During sentencing, the trial court indicated that it had read and considered the report of the psychologist who evaluated appellant, the written Romero motion, and the probation report. Appellant's counsel indicated that appellant suffered from mental illness, and stressed that appellant was under the influence of drugs at the time of the current offenses. He argued that even if the court dismissed appellant's prior strike convictions, it could impose a lengthy sentence that would be "more in keeping with the spirit of the Three Strikes law, given [appellant's] background and the actual nature of the crime[s]."

The trial court recognized its "discretion under Romero and under . . . section 1385" to dismiss prior strike convictions.

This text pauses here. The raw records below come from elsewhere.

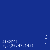 Цвет #142F91 в цветовой модели RGB обозначается тремя октетами (20, 47, 145) в десятичном формате и #142F91 в шестнадцатиричном (hex) формате, которые являются интенсивностью красного 20 (hex 14), интенсивность зелёного 47 (hex 2F) и интенсивность синего 145 (hex 91).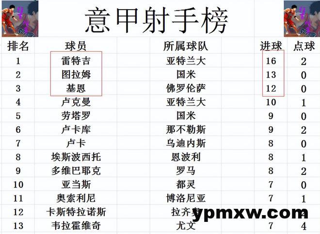 射手榜方面,雷特吉16球领跑,图拉姆13球排在第2,基恩则是12球位列第3。劳塔罗和卢卡库9球并列第5,亚当斯,奥索利尼,韦拉霍维奇和卡斯特拉诺斯7球刚好挤入前十。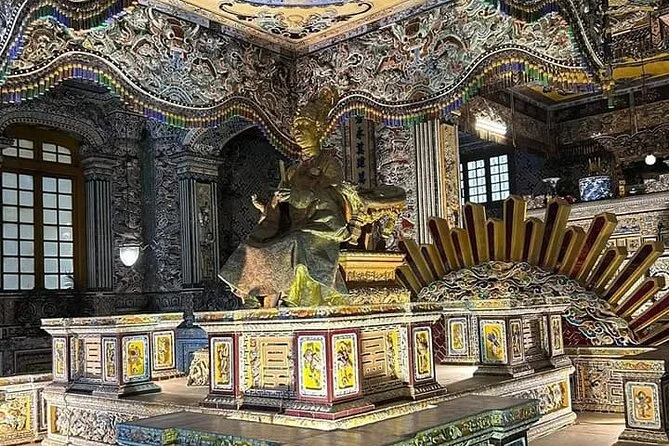 Você terá transporte privado com um motorista cuidadoso, guia que fala inglês e conhece bem o assunto, ingressos para todos os locais listados (Cidadela, pagode, tumbas), água mineral para se refrescar, almoço em restaurante local (com opções vegetarianas) e um passeio de barco-dragão pelo Rio Perfume.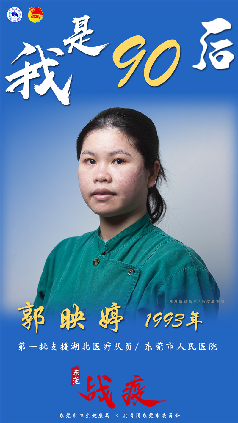该院呼吸与危重症医学科普济病区护士长钟映笑为郭映婷点赞:“面对突如其来的新冠肺炎疫情,她毅然加入东莞市第一批支援湖北疫情防控医疗队,战斗在防控第一线,用生命和汗水守护人民群众的生命安全,是我们科室全体医护人员学习的榜样,我们以她为荣!”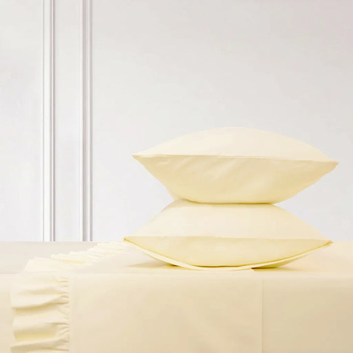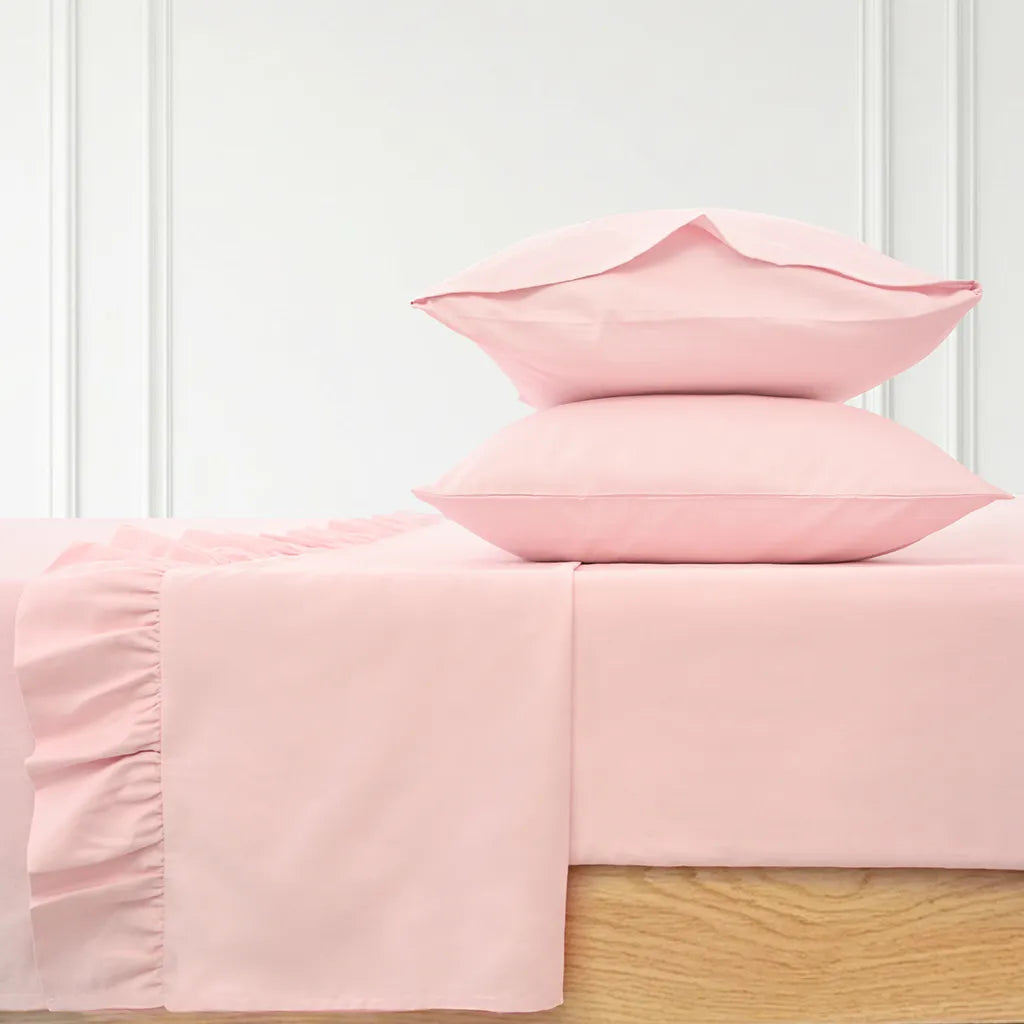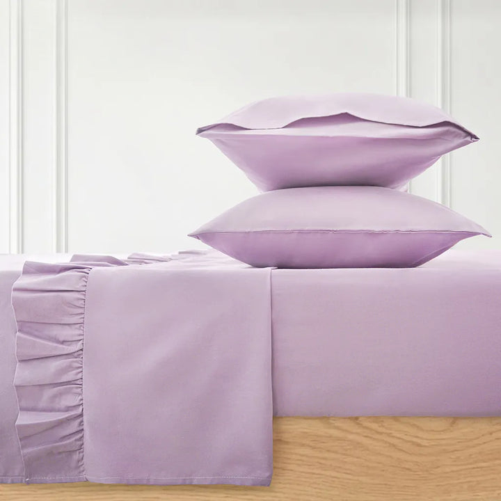 Made from 100% brushed cotton with a 300 thread count, this ruffled sheet set offers the same soft, breathable comfort you love, finished with a delicate ruffle for a more feminine touch. The gently worn-in feel is smooth against the skin and ideal for everyday sleep.

It also acknowledged that appellant had "some mental health issues," and that, "at the time of the offense, [he] may have consumed alcohol, or . . . controlled substances." The court observed that appellant recognized the criminal nature of his conduct while committing the current crimes, and that he took steps to try to conceal his lengthy criminal history from the police (e.g., by giving them a false name, initially refusing to be fingerprinted, etc.). The court concluded that appellant did not fall outside the spirit of the Three Strikes law and denied appellant's Romero motion. The court's sentencing decision was not irrational or arbitrary. Appellant has committed several violent offenses. As is evident from the record, the court reviewed appellant's criminal history, his background, his character, and prospects. The court did not abuse its discretion in denying the Romero motion.

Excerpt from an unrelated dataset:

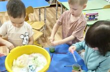 В средней группе "Звёздочки" прошла неделя экспериментов и исследовательской деятельности, ко дню Российской науки 8 февраля. Дети применяя полученные знания, провели эксперимент: сделали цветную воду, а потом этой водой рисовали на белом снегу при помощи пипеток. Проводя этот эксперимент ребята закрепили представления о свойствах снега, убедились в том, что рисовать можно разными способами, что и снег можно красить , что снег впитывает воду, как губка (воспитатель Мубариева Ю.Р.)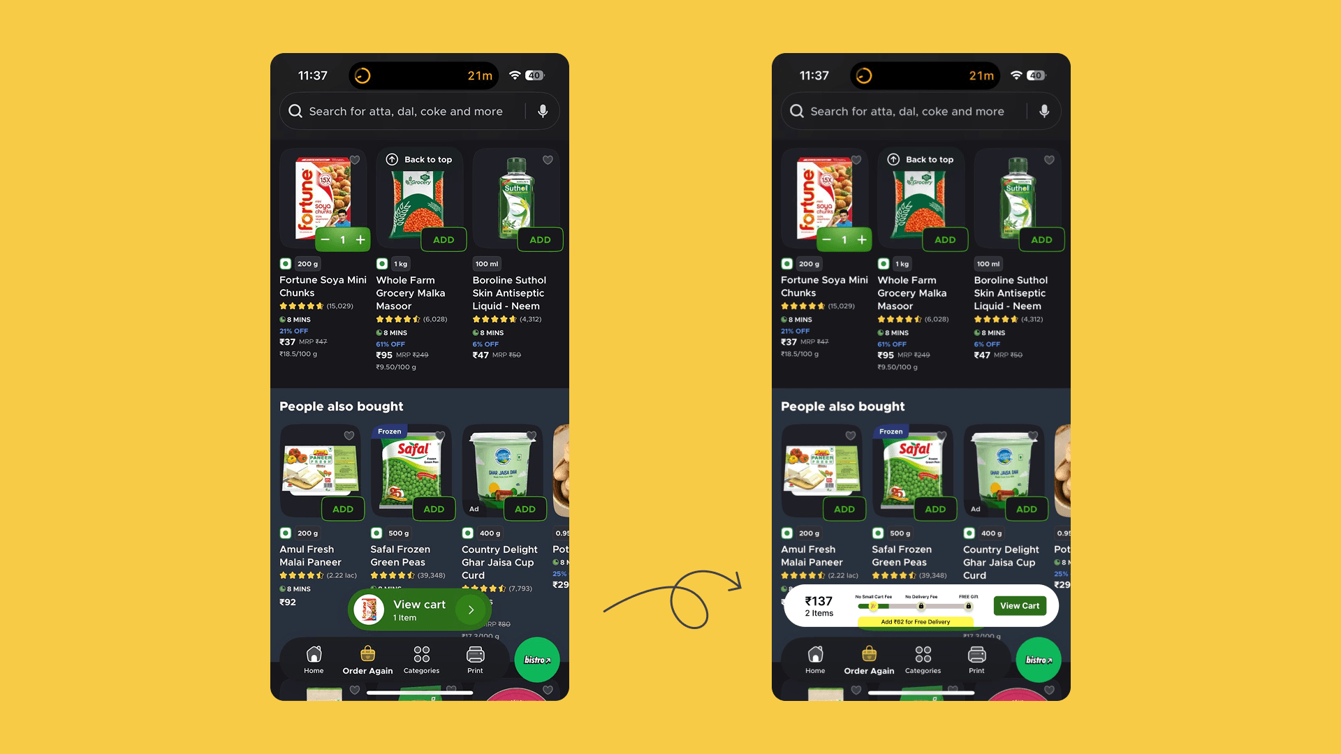 In quick-commerce apps, many smaller orders tend to be refill purchases i.e. items users need quickly rather than part of a planned grocery run. In such situations, users are often focused on speed and convenience, quickly adding items and proceeding toward checkout.

Cruel and Unusual Sentence

Appellant additionally contends that his sentence of 41 years to life is cruel and unusual punishment under the federal and California Constitutions. (U.S. Const., 8th Amend.; Cal. Const., art. 1, § 17.) We reject the argument because appellant is not merely being punished for the current offense, but also for his recidivism. (People v. Mantanez (2002) 98 Cal.App.4th 354, 366; People v. Romero (2002) 99 Cal.App.4th 1418, 1432.)

The Eighth Amendment to the United States Constitution "prohibits imposition of a sentence that is grossly disproportionate to the severity of the crime." (Rummel v. Estelle (1980) 445 U.S. 263, 271.) But the "gross disproportionality principle reserves a constitutional violation for only the extraordinary case." (Lockyer v. Andrade (2003) 538 U.S. 63, 77 [two consecutive 25-year-to-life terms for two petty thefts not grossly disproportionate].) Under the California Constitution, punishment is disproportionate if it "shocks the conscience" considering the offender's history and the seriousness of his offenses. (In re Lynch (1972) 8 Cal.3d 410, 424.)

We cannot say that the sentence is constitutionally disproportionate given appellant's recidivism, his propensity for violence, his failed attempts at parole and probation, and the seriousness of the present offense. Appellant has served six prior prison terms and committed the current offenses while on parole.

When faced with recidivist defendants such as appellant, "California appellate courts have consistently found the Three Strikes law is not cruel and unusual punishment." (People v. Mantanez, supra, 98 Cal.App.4th 354, 359; see also Ewing v. California (2003) 538 U.S. 11, 29-30 [rejecting similar claims of cruel and unusual punishment; 25 years to life for theft of golf clubs].) Appellant's sentence conforms to sentences for repeat offenders under the Three Strikes law and is proportionate to sentences for repeat offenders in other states. (See e.g., People v. Romero, supra, 99 Cal.App.4th 1418, 1433 [25 years to life for theft of magazine]; People v. Ingram (1995) 40 Cal.App.4th 1397, 1416-1417 [61 years to life not cruel or unusual punishment for recidivist burglar], overruled on another point in People v. Dotson (1997) 16 Cal.4th 547, 560, fn. 8; People v. Cline (1998) 60 Cal.App.4th 1327, 1338 [25 years to life for grand theft]; People v. Martinez (1999) 71 Cal.App.4th 1502, 1509-1516 [25 years to life for possession of methamphetamine]; People v. Goodwin (1997) 59 Cal.App.4th. 1084, 1093-1094 [25 years to life for commercial burglary and petty theft with a prior].)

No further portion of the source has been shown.